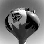OCEAN CITY BEACH BALL WATER TOWER IN BLACK AND WHITE
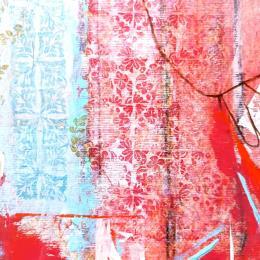 L'artiste a utilisé la technique mixte, Taille d'épargne, Estampage, Encre, Acrylique, Pastel, Upcycling pour créer cette peinture grand format toile sur Bois de style Art Singulier.
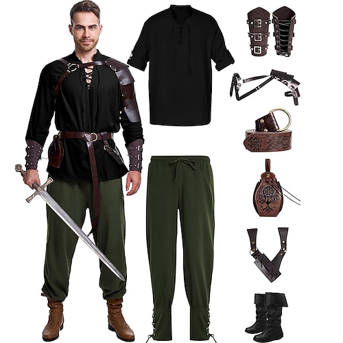Retrò Vintage Medievale Rinascimento Set di accessori Tunica Guerriero Vichingo Costume Per uomo Vichingo Halloween Carnevale Performance LARP Fiera Rinascimentale Adulti Gilet Cintura Borsa
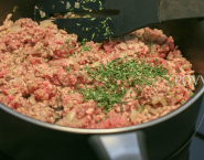 First prepared the meat: Saute the onion until translucent in olive oil, add minced beef, thyme and rosemary and cook until grainy. Season with salt and pepper and add a little meat broth. Allow to simmer and ready.

------------------------------------------------------------------------

**ABOUT THIS TASK**
With the pictures set aside, write out the whole listing exactly.

**RESPONSE**
OCEAN CITY BEACH BALL WATER TOWER IN BLACK AND WHITE
 L'artiste a utilisé la technique mixte, Taille d'épargne, Estampage, Encre, Acrylique, Pastel, Upcycling pour créer cette peinture grand format toile sur Bois de style Art Singulier.
Retrò Vintage Medievale Rinascimento Set di accessori Tunica Guerriero Vichingo Costume Per uomo Vichingo Halloween Carnevale Performance LARP Fiera Rinascimentale Adulti Gilet Cintura Borsa
 First prepared the meat: Saute the onion until translucent in olive oil, add minced beef, thyme and rosemary and cook until grainy. Season with salt and pepper and add a little meat broth. Allow to simmer and ready.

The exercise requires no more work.